Motivation
Representation learning tells you where a cell is in latent space; it does not tell you where it will move under a knockout or a compound. Drug-discovery decisions are counterfactual — target validation, hit and lead selection, combination and dose choices all ask how state changes after an intervention. BioJEPA-AC takes the action-conditioned world-model idea proven on video and robotics (V-JEPA 2-AC) and points it at the cell, treating an intervention as the action.
How it works
The model couples a state encoder with an action-conditioned predictor:
- A state encoder $f_\theta$ maps the pre-perturbation profile $x_{\text{pre}}$ to a latent $z_{\text{pre}}$ (the Cell-JEPA role).
- An action encoder represents the intervention $a$ — a gene knockout/knockdown, or a compound with dose and time.
- A predictor $g_\phi$ maps $(z_{\text{pre}}, a)$ to the predicted post-state latent $\hat z_{\text{post}}$.
- An EMA target encoder embeds the actual measured post-state $x_{\text{post}}$ to supervise the prediction.
Once trained, it is used as a simulator: encode a starting state, apply candidate interventions, and search for the one whose predicted latent lands in a desired region (e.g. toward a healthy and away from a disease manifold).
The objective
The action-conditioned latent loss mirrors V-JEPA 2-AC, with interventions in place of robot actions:
$$\mathcal{L} = \big\lVert\, g_\phi(z_{\text{pre}}, a) - \operatorname{sg}\big[\bar f_\theta(x_{\text{post}})\big] \,\big\rVert_2^2 \;+\; \lambda\,\mathcal{R}(z),$$
where $\mathcal{R}$ is an anti-collapse regulariser.

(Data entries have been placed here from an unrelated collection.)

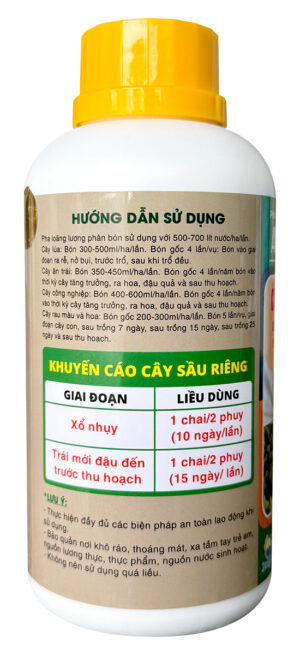 | Trái mới đậu đến trước thu hoạch | 1 chai/2 phuy (15 ngày/ lần) |
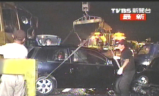 31日凌晨台湾一公路发生连环大车祸,12辆车追撞在一起。(图片来源:台湾TVBS电视台)
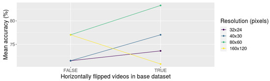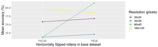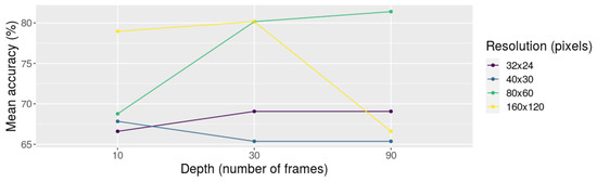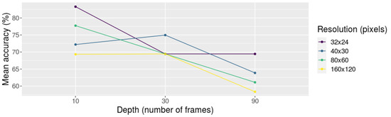 By analyzing the statistical results, we found that neither the main effects are significant, nor their interaction (with a significance level of 5%). The p-values obtained from the two-way ANOVA for the main effects of depth and resolution in this experiment were 0.1044 and 0.6488, respectively. The p-value for their interaction was 0.9502. As there is no statistical evidence that suggests that changes in the depth or the resolution affect the accuracy of the model, we extended the analysis and considered inspecting the interaction plot, which is depicted in Figure 6. This interaction plot suggests that independently of the depth considered, using 160 × 120 pixels as resolution obtains the worst results. Furthermore, based only on the 36 observations analyzed, using ten frames and 32 × 24 pixels obtains the best average results on the fixed values used for this experiment. For this reason—and based on the fact that we could not derive any other conclusion from the statistical perspective—we considered using ten frames as the best value for depth for the next set of experiments.
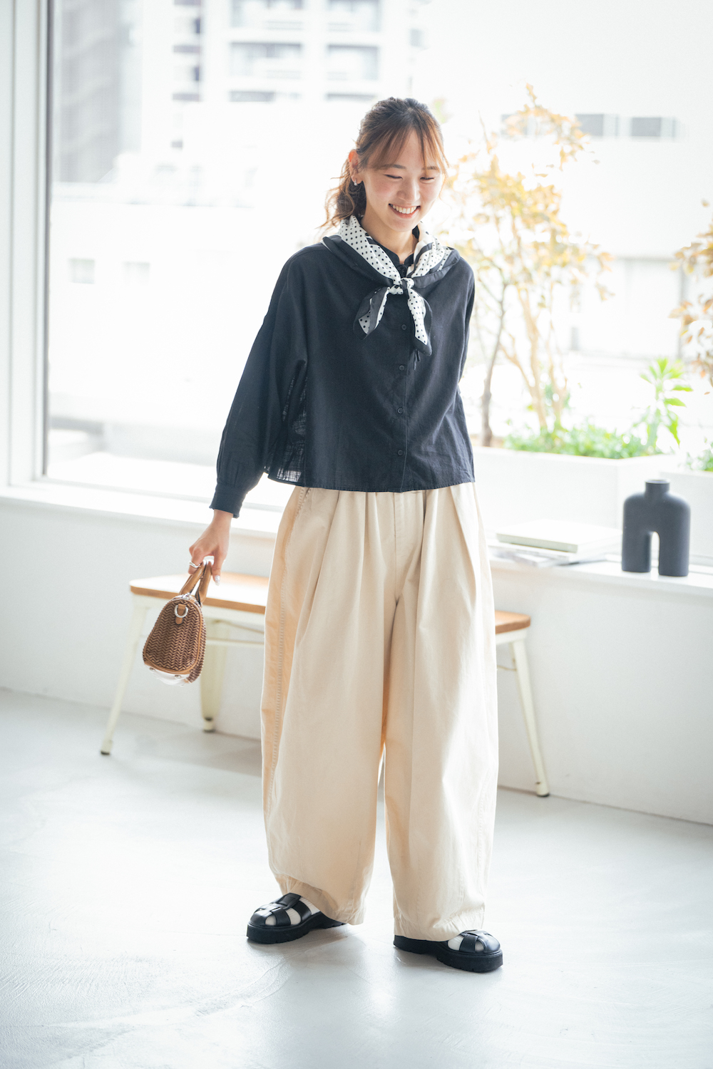 彼女は最近、黒ブラウス×ベージュパンツのコーディネートをよく着ているそう。マイブームだというドット柄スカーフが、ボリューム感のあるバルーンシルエットのパンツのムードとリンクして、大人かわいい雰囲気に。「カゴバッグを持つと、とたんに初夏のムードが高まるので、みんなも試してみて!」
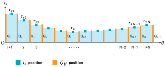 Here, refers to the distance from the center of the circumference to the shoreline. The signs of which must be noted as it decreases if the shoreline advances, and increases if it retreats. Furthermore, can be calculated by using the PBSE-applied longshore sediment transport equation, as shown in Equation (10). Through this process, the effect of wave diffraction is reflected. refers to the longshore directional coordinate, and refers to longshore sediment transport in the direction of . Figure 4 illustrates the application of the polar coordinate system that fits the shape of the shoreline circumference.
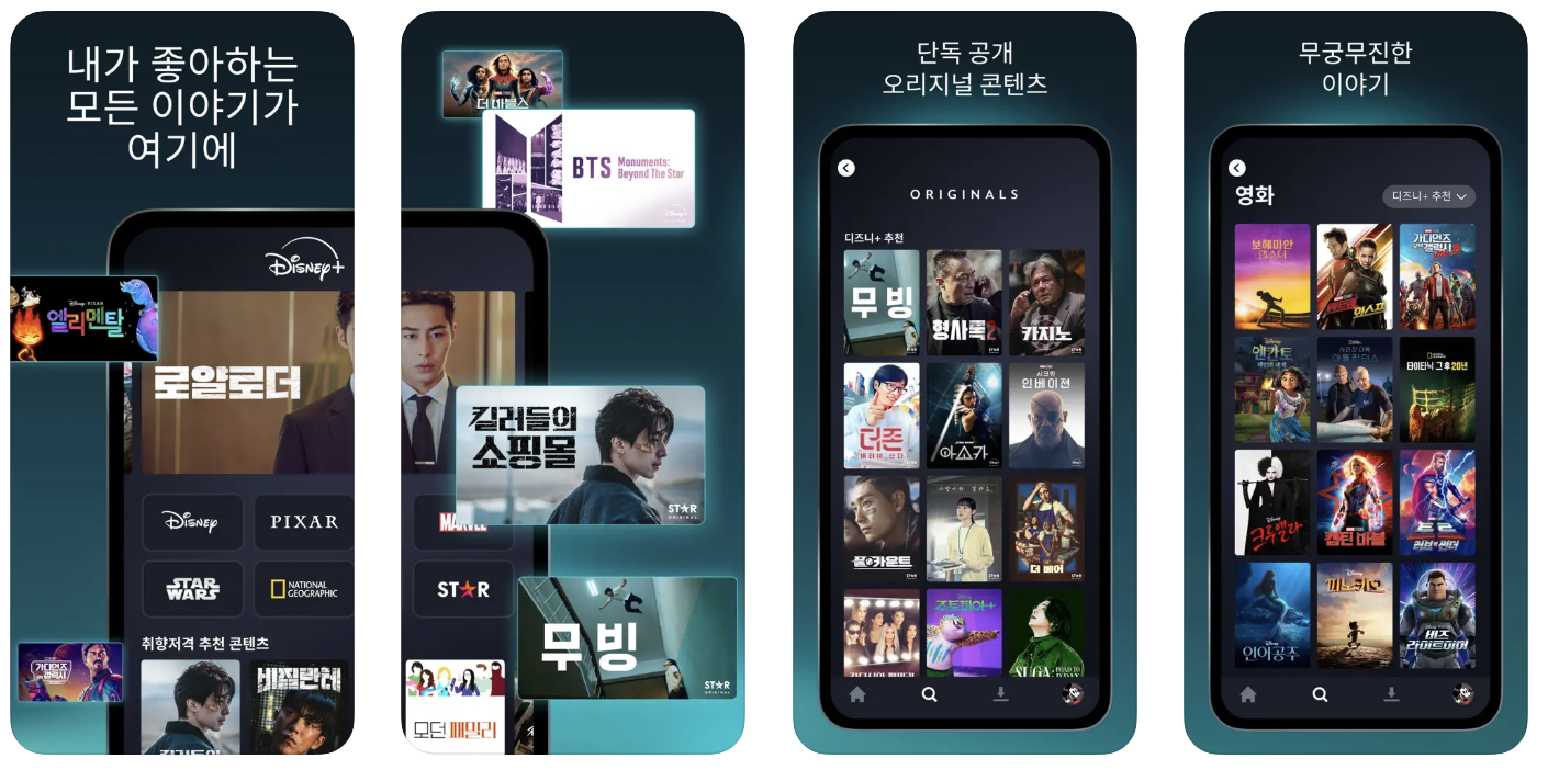 - 풍부한 콘텐츠: 디즈니 클래식부터 최신 마블 시리즈까지!

Planning then solves $\min_{a}\,\lVert \hat z_{\text{post}}(a) - z^* \rVert$ over candidate interventions toward a target state $z^*$.
Key results & what's novel
BioJEPA-AC is an open, in-progress project (GPTomics) rather than a finished benchmark paper, so it is best read as a concrete architecture proposal: the first explicit attempt to build a V-JEPA-2-style, action-conditioned world model of the cell. Its significance is the framing — turning self-supervised cell representations into a controllable, counterfactual simulator of perturbation response, which is precisely the missing piece between a good cell encoder (Cell-JEPA) and decision-making in the drug-discovery pipeline.
Strengths & limitations
- + Directly answers counterfactual, intervention-level questions; supports planning/search.
- + Reuses unlabelled state pretraining; interventions slot in as actions.
- − Needs paired pre/post perturbation data; evaluation must hold out unseen interventions, targets and contexts, not just random cells.
- − Causal validity is not automatic — latent prediction can capture correlation; identifiability theory (see the LeJEPA world-model analysis) warns the required assumptions are strong for biology.
- − Early-stage; quantitative performance is not yet established.